• Goal of the exercise:
Repeat the records below exactly as they appear, leaving out any pictures.

Segment Start: Extracted entries

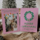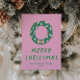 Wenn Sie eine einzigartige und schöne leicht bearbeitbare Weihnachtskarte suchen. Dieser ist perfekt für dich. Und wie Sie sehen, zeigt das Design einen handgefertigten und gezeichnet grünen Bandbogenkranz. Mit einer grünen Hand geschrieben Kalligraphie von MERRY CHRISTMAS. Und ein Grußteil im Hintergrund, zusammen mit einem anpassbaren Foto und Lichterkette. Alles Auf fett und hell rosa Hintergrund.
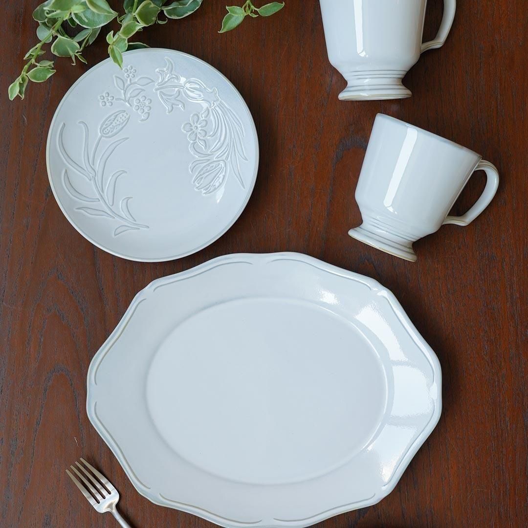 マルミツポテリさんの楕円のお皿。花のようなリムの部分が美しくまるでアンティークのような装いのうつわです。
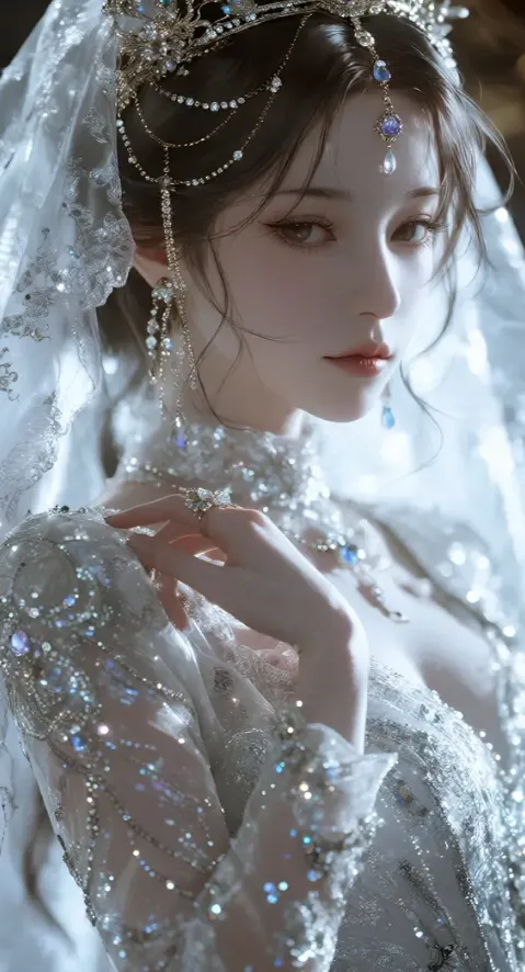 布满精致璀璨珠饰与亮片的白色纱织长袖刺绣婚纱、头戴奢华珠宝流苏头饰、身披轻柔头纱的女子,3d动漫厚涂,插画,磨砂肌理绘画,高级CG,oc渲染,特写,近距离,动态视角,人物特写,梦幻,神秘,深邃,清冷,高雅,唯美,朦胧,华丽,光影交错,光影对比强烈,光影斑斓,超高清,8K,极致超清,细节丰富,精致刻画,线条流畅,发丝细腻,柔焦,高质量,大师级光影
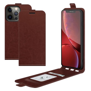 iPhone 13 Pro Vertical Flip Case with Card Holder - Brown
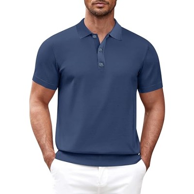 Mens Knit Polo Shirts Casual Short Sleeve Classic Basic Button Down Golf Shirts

Segment End: Extracted entries

• Written answer:
 Wenn Sie eine einzigartige und schöne leicht bearbeitbare Weihnachtskarte suchen. Dieser ist perfekt für dich. Und wie Sie sehen, zeigt das Design einen handgefertigten und gezeichnet grünen Bandbogenkranz. Mit einer grünen Hand geschrieben Kalligraphie von MERRY CHRISTMAS. Und ein Grußteil im Hintergrund, zusammen mit einem anpassbaren Foto und Lichterkette. Alles Auf fett und hell rosa Hintergrund.
 マルミツポテリさんの楕円のお皿。花のようなリムの部分が美しくまるでアンティークのような装いのうつわです。
 布满精致璀璨珠饰与亮片的白色纱织长袖刺绣婚纱、头戴奢华珠宝流苏头饰、身披轻柔头纱的女子,3d动漫厚涂,插画,磨砂肌理绘画,高级CG,oc渲染,特写,近距离,动态视角,人物特写,梦幻,神秘,深邃,清冷,高雅,唯美,朦胧,华丽,光影交错,光影对比强烈,光影斑斓,超高清,8K,极致超清,细节丰富,精致刻画,线条流畅,发丝细腻,柔焦,高质量,大师级光影
 iPhone 13 Pro Vertical Flip Case with Card Holder - Brown
 Mens Knit Polo Shirts Casual Short Sleeve Classic Basic Button Down Golf Shirts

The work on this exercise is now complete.